Below is a block of records; return all of them exactly, but without the images.

---------------

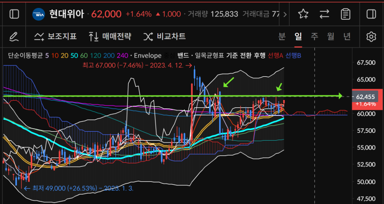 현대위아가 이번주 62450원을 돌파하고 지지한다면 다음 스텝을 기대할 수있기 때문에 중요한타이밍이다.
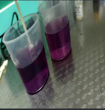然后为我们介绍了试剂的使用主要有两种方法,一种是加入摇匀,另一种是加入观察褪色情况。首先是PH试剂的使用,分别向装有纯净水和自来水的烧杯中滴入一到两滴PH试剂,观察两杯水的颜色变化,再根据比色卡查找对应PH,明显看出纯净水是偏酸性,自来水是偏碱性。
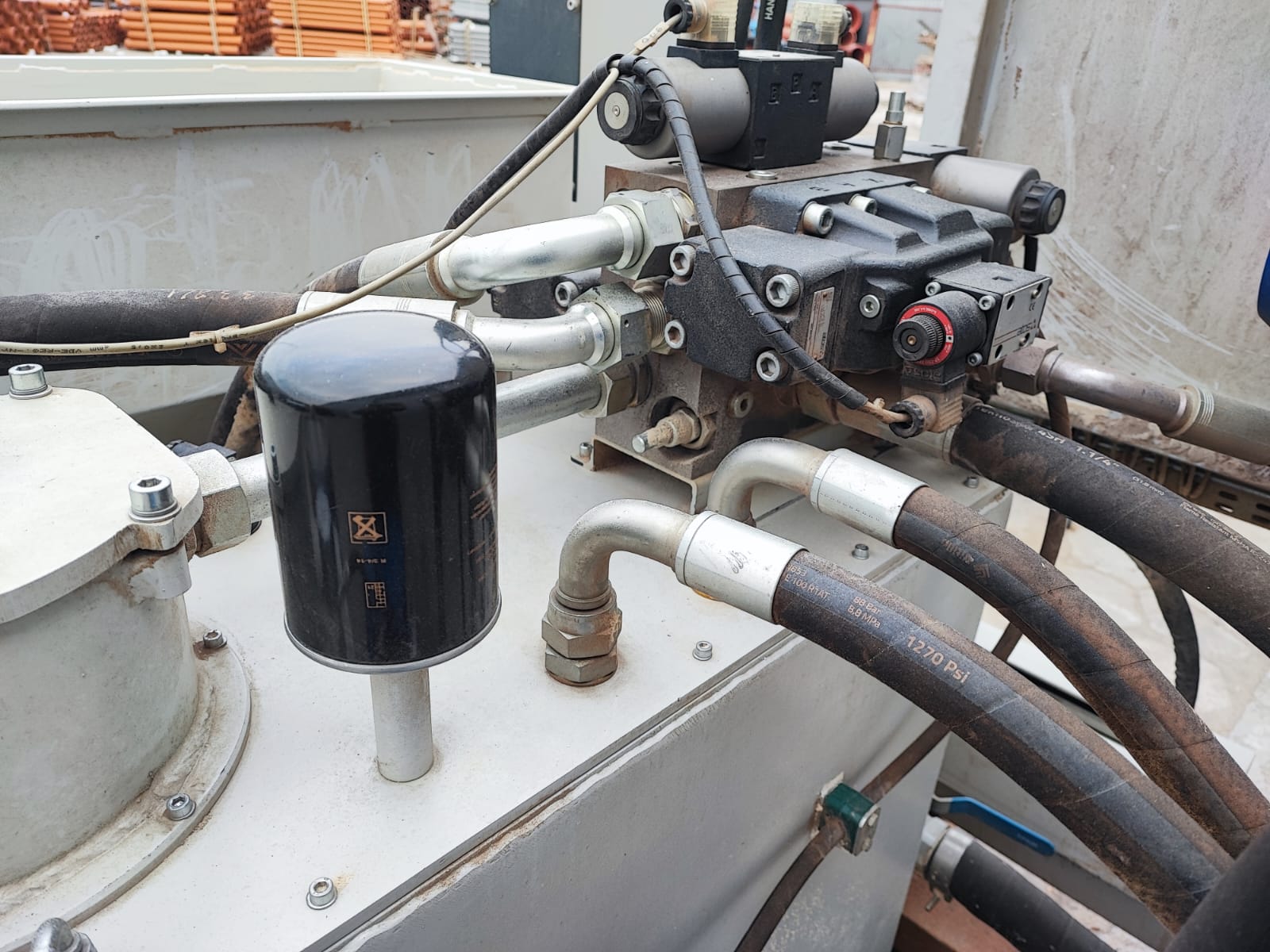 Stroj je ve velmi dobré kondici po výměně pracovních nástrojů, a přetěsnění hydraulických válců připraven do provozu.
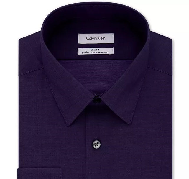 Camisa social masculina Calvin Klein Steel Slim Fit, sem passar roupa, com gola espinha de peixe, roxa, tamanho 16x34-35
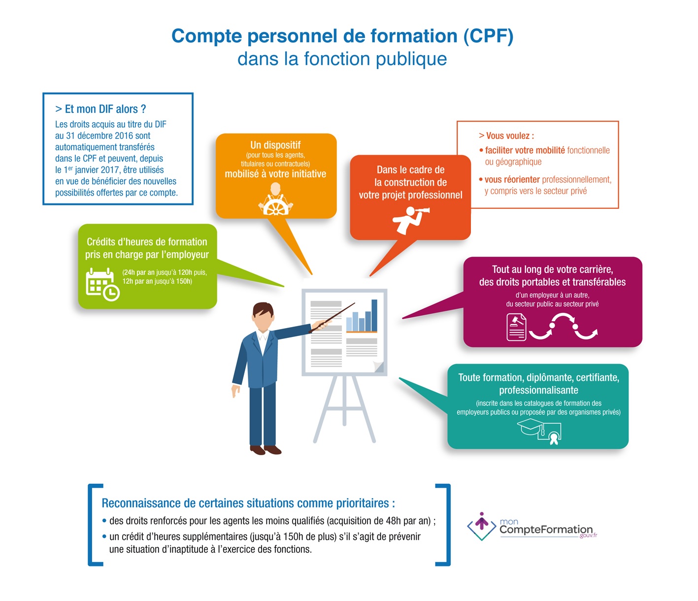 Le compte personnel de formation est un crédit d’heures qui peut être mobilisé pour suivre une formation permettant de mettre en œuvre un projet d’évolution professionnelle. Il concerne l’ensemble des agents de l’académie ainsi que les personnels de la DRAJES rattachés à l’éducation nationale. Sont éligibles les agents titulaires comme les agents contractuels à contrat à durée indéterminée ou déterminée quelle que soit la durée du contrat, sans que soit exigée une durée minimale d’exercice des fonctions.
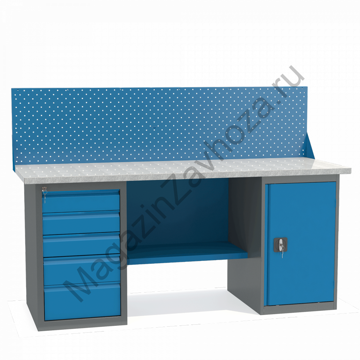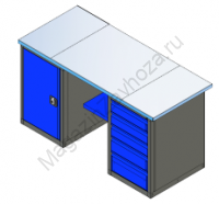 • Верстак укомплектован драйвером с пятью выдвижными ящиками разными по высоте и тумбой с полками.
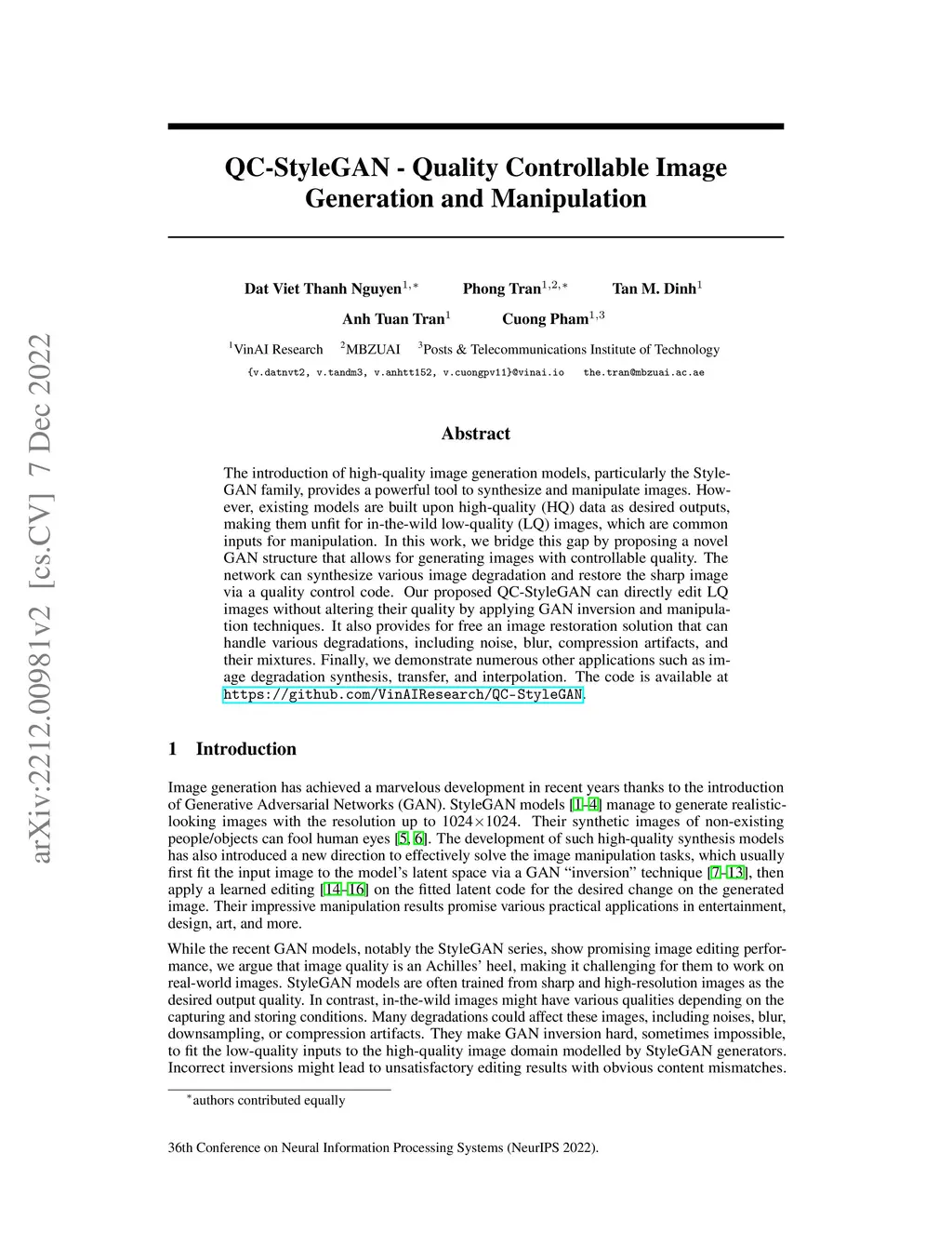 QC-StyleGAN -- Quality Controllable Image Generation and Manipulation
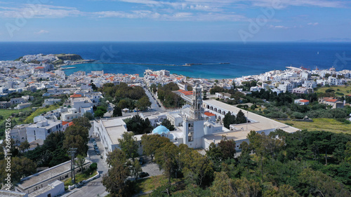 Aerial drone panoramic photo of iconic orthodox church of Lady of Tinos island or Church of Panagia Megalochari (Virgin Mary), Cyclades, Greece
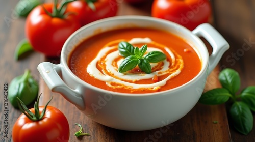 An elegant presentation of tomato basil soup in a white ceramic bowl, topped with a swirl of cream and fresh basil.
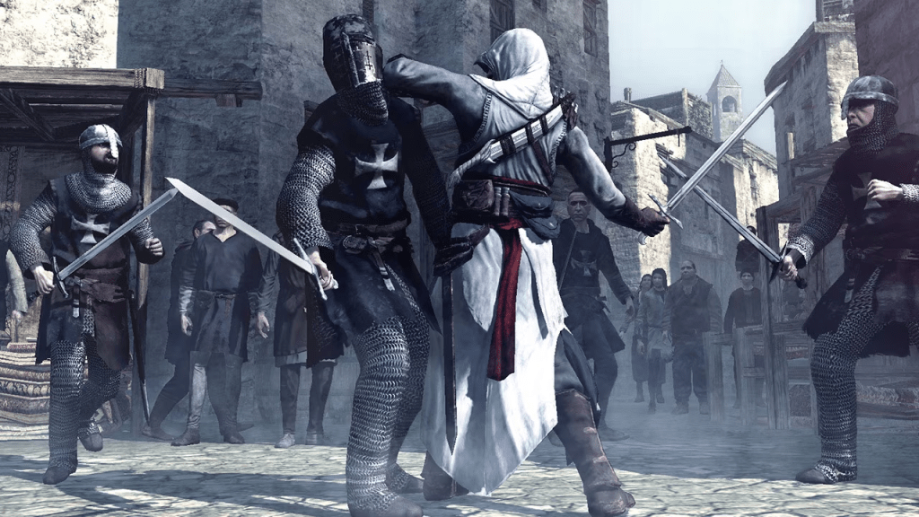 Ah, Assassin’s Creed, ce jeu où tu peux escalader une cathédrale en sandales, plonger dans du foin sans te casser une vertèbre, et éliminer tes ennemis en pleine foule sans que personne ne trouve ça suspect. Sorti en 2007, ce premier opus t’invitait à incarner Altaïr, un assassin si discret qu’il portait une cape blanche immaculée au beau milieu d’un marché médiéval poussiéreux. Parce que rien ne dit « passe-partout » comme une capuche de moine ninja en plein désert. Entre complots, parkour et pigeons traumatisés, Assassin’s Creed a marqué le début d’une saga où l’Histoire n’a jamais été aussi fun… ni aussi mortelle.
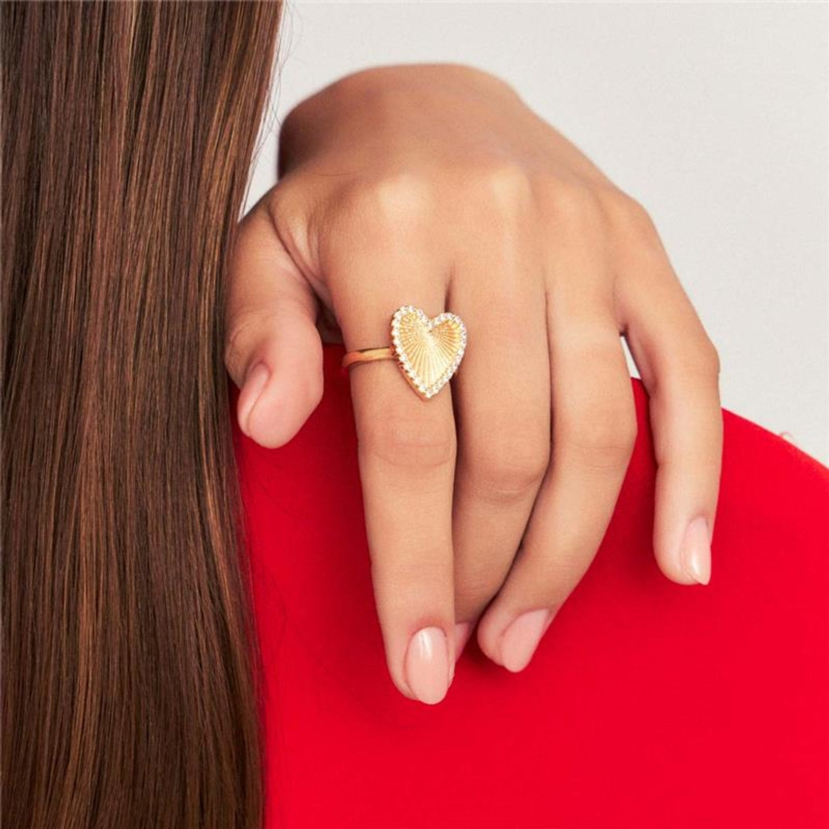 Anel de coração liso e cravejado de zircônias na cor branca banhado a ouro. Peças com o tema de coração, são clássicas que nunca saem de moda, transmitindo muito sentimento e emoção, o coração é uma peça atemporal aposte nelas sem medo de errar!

---------------

** ANSWER SECTION **
 현대위아가 이번주 62450원을 돌파하고 지지한다면 다음 스텝을 기대할 수있기 때문에 중요한타이밍이다.
然后为我们介绍了试剂的使用主要有两种方法,一种是加入摇匀,另一种是加入观察褪色情况。首先是PH试剂的使用,分别向装有纯净水和自来水的烧杯中滴入一到两滴PH试剂,观察两杯水的颜色变化,再根据比色卡查找对应PH,明显看出纯净水是偏酸性,自来水是偏碱性。
 Stroj je ve velmi dobré kondici po výměně pracovních nástrojů, a přetěsnění hydraulických válců připraven do provozu.
 Camisa social masculina Calvin Klein Steel Slim Fit, sem passar roupa, com gola espinha de peixe, roxa, tamanho 16x34-35
 Le compte personnel de formation est un crédit d’heures qui peut être mobilisé pour suivre une formation permettant de mettre en œuvre un projet d’évolution professionnelle. Il concerne l’ensemble des agents de l’académie ainsi que les personnels de la DRAJES rattachés à l’éducation nationale. Sont éligibles les agents titulaires comme les agents contractuels à contrat à durée indéterminée ou déterminée quelle que soit la durée du contrat, sans que soit exigée une durée minimale d’exercice des fonctions.
 • Верстак укомплектован драйвером с пятью выдвижными ящиками разными по высоте и тумбой с полками.
 QC-StyleGAN -- Quality Controllable Image Generation and Manipulation
 Aerial drone panoramic photo of iconic orthodox church of Lady of Tinos island or Church of Panagia Megalochari (Virgin Mary), Cyclades, Greece
 An elegant presentation of tomato basil soup in a white ceramic bowl, topped with a swirl of cream and fresh basil.
 Ah, Assassin’s Creed, ce jeu où tu peux escalader une cathédrale en sandales, plonger dans du foin sans te casser une vertèbre, et éliminer tes ennemis en pleine foule sans que personne ne trouve ça suspect. Sorti en 2007, ce premier opus t’invitait à incarner Altaïr, un assassin si discret qu’il portait une cape blanche immaculée au beau milieu d’un marché médiéval poussiéreux. Parce que rien ne dit « passe-partout » comme une capuche de moine ninja en plein désert. Entre complots, parkour et pigeons traumatisés, Assassin’s Creed a marqué le début d’une saga où l’Histoire n’a jamais été aussi fun… ni aussi mortelle.
 Anel de coração liso e cravejado de zircônias na cor branca banhado a ouro. Peças com o tema de coração, são clássicas que nunca saem de moda, transmitindo muito sentimento e emoção, o coração é uma peça atemporal aposte nelas sem medo de errar!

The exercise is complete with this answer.